If I fit a microwave it will be a standard mains powered unit. Not to sure about the pros and cons of a 12volt unit, if available. Any info appreciated


----------



## Rapide561 (Oct 1, 2005)

*Swift/Microwave*

Hi

As standard fit, SWIFT use the Sharp R247. Outside dimensions are 460 x 275 x 360 mm

for a bit more info on this, click on www.swiftmotorhomes.co.uk, then look at manuals and select "electrical equipment", find page 89/90.

Rapide561


----------



## 97978 (Mar 5, 2006)

al-bly52 said:


> *jimN68 ,* about the ACE firenze , how do you like it , considering one myself , but thought it pricy at £38ooo , but for a few coppers . Any info would be great , Also the one i looked at had a microwave fitted , bit did not check as to how , thanks Allan .


We've only been out in it twice, but we like the layout. 2 Adults and 3 Kids aged 7,8 & 9.

Very new to motorhoming, so we don't have anything to compare it to.
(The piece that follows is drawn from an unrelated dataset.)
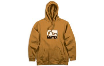 デーウォンのアイデアによる初期のMatixロゴをプリント。写真左から、Corporate Hood ¥11,664、Corporate Tee ¥5,184
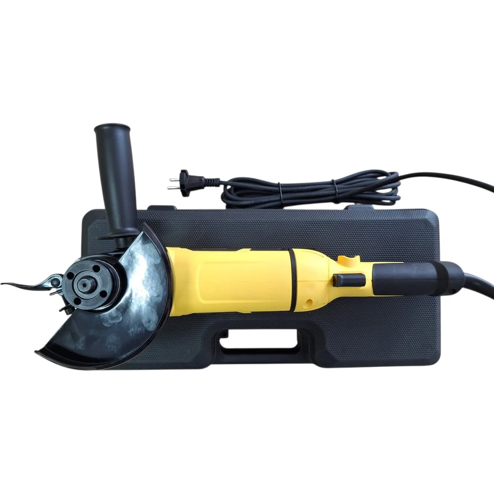 Комплектация Углошлифовальная машина; Боковая ручка; Защитный кожух; Гаечный ключ; Шестигранный ключ; Комплект угольных щеток; Кейс

We looked at a few and think this was the best layout for us and the finish was better than some cheaper ones we looked at.


----------



## 97978 (Mar 5, 2006)

shortcircuit said:


> By coincidence had a look in microwave cabinet this evening. Four holes in the base for microwave feet to fit into. I think it is intended for a Sharp microwave
> 
> If I fit a microwave it will be a standard mains powered unit. Not to sure about the pros and cons of a 12volt unit, if available. Any info appreciated


I will be fittong 240V only.

No holes in my cabinet base at all. Presumably these hole stop the microwave sliding about?


----------



## 97051 (Dec 27, 2005)

Thanks for your reply Jim , I am still pondering on the change .


----------